= Problem statement =
Leave out the pictures and print precisely the lines from the line with "The outdoor pendant" to the final line of the entries, both ends included.

☆ ☆ ☆ ☆ ☆

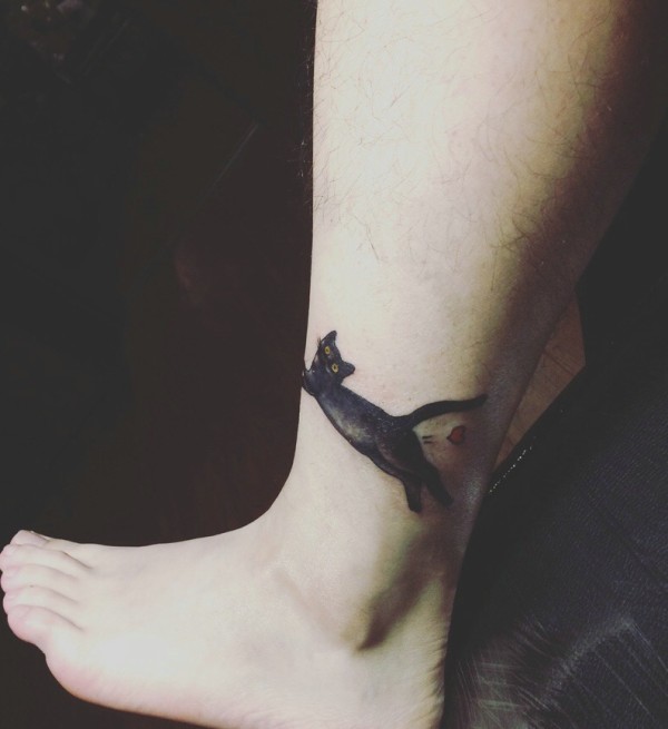 自家有的一条黑猫腿部纹身图案
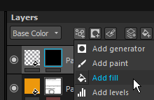 Create a newfill layer in the layer stack (by using the button at the top of the layer stack) :
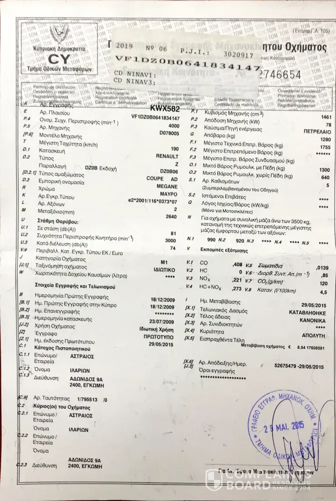 I'm an owner of a Renault Megane, diesel coupe with Cyprus registration number KWX582.
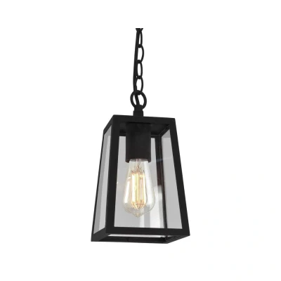The outdoor pendant lamp has a traditional look to it that will enhance and brighten your outdoor area. The single bulb is suspended from above and encased in a tapered rectangular shaped box with clear glass panes. This fitting has a black finish, there are other finish options available.
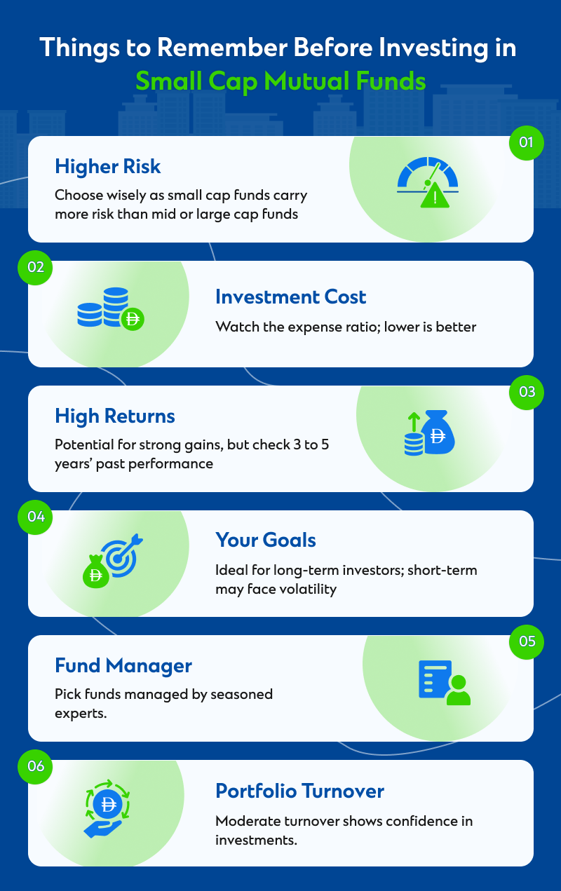 Investing in small-cap mutual funds may help investors optimise their potential returns and leverage long-term wealth creation. However, before investing, it is important to be clear about one’s financial objectives and risk tolerance. It is also crucial to acknowledge the high risk of small-cap fund investments. Portfolio diversification can also be achieved by including relatively stable asset classes such as large-cap funds, actively managed hybrid funds, or debt funds.

☆ ☆ ☆ ☆ ☆

= Exercise response =
The outdoor pendant lamp has a traditional look to it that will enhance and brighten your outdoor area. The single bulb is suspended from above and encased in a tapered rectangular shaped box with clear glass panes. This fitting has a black finish, there are other finish options available.
 Investing in small-cap mutual funds may help investors optimise their potential returns and leverage long-term wealth creation. However, before investing, it is important to be clear about one’s financial objectives and risk tolerance. It is also crucial to acknowledge the high risk of small-cap fund investments. Portfolio diversification can also be achieved by including relatively stable asset classes such as large-cap funds, actively managed hybrid funds, or debt funds.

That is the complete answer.